* _Task item_
Return, with both end lines included, exactly what the data below holds from the line with "THIGH LENGTH DROPPED" through the line with "12/9(金)17C18C保健体育 公開日 2022/12/09", though not the pictures.

** Material for the task follows **

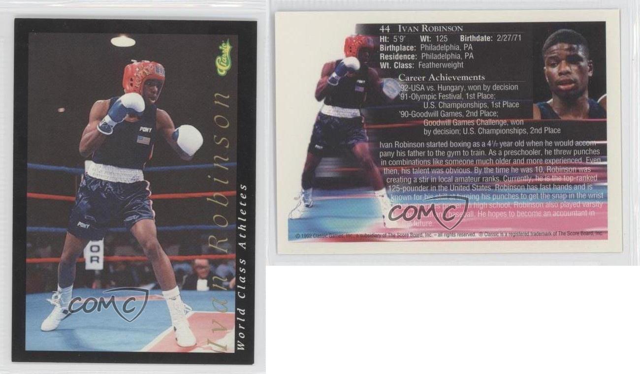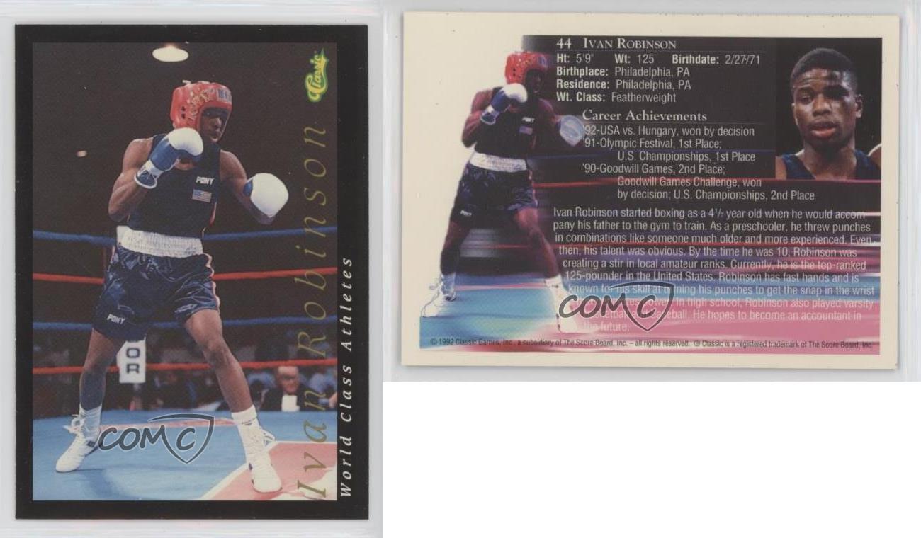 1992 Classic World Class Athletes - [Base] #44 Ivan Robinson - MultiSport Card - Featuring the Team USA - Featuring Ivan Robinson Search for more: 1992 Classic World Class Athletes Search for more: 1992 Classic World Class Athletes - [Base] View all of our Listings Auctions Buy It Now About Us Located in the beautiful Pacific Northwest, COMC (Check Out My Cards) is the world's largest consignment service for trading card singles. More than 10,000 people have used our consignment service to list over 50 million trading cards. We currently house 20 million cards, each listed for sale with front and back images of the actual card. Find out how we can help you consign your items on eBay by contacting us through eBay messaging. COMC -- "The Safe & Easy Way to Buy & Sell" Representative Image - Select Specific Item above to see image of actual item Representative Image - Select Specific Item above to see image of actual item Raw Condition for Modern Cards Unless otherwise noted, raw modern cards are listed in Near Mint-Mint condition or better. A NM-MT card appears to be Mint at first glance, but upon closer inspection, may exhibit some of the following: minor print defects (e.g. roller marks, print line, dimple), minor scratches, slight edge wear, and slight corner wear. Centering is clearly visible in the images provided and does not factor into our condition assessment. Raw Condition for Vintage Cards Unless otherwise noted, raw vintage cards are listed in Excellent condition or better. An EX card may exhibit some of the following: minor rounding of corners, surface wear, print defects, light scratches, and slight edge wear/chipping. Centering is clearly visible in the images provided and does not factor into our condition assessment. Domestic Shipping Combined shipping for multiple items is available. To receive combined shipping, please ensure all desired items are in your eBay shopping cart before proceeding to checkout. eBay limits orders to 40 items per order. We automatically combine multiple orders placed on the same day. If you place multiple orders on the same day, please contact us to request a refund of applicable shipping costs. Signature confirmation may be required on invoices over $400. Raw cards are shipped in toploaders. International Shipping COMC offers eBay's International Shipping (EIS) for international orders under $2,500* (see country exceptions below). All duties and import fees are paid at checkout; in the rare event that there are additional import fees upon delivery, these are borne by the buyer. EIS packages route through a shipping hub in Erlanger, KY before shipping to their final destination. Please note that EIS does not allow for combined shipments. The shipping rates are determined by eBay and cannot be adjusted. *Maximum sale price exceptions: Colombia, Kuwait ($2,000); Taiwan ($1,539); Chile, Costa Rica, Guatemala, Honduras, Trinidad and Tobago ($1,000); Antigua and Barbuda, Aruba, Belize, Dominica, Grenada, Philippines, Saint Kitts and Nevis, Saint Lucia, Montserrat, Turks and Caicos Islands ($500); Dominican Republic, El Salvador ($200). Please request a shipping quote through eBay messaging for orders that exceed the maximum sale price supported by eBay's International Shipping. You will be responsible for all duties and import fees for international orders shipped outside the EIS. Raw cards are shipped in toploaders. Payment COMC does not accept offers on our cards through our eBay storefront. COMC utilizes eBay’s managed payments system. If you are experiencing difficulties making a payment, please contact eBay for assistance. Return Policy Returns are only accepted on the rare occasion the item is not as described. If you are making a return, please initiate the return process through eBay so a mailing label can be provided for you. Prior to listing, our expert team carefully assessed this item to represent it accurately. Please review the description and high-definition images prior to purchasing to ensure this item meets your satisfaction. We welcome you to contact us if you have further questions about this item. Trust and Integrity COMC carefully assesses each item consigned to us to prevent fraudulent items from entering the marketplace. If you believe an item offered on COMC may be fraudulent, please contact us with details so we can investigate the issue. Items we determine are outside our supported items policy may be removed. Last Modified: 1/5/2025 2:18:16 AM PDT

** End of Material for the task **
** Material for the task follows **

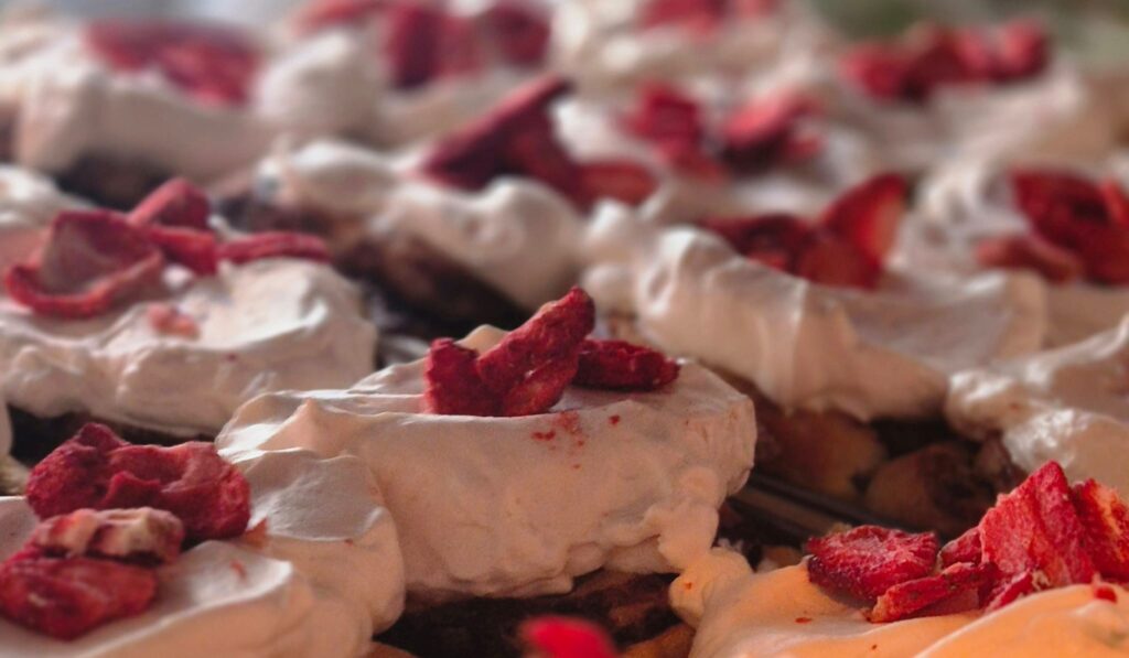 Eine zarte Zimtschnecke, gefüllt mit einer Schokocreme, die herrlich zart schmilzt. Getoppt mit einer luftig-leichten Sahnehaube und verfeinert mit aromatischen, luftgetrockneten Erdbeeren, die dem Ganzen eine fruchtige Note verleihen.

** End of Material for the task **
** Material for the task follows **

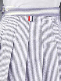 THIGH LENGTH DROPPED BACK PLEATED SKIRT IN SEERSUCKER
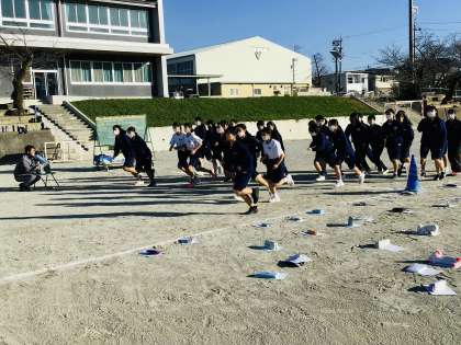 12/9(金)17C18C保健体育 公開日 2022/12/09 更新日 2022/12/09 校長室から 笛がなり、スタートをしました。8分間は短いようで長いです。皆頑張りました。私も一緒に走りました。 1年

** End of Material for the task **

* _Response to this exercise_
 THIGH LENGTH DROPPED BACK PLEATED SKIRT IN SEERSUCKER
 12/9(金)17C18C保健体育 公開日 2022/12/09 更新日 2022/12/09 校長室から 笛がなり、スタートをしました。8分間は短いようで長いです。皆頑張りました。私も一緒に走りました。 1年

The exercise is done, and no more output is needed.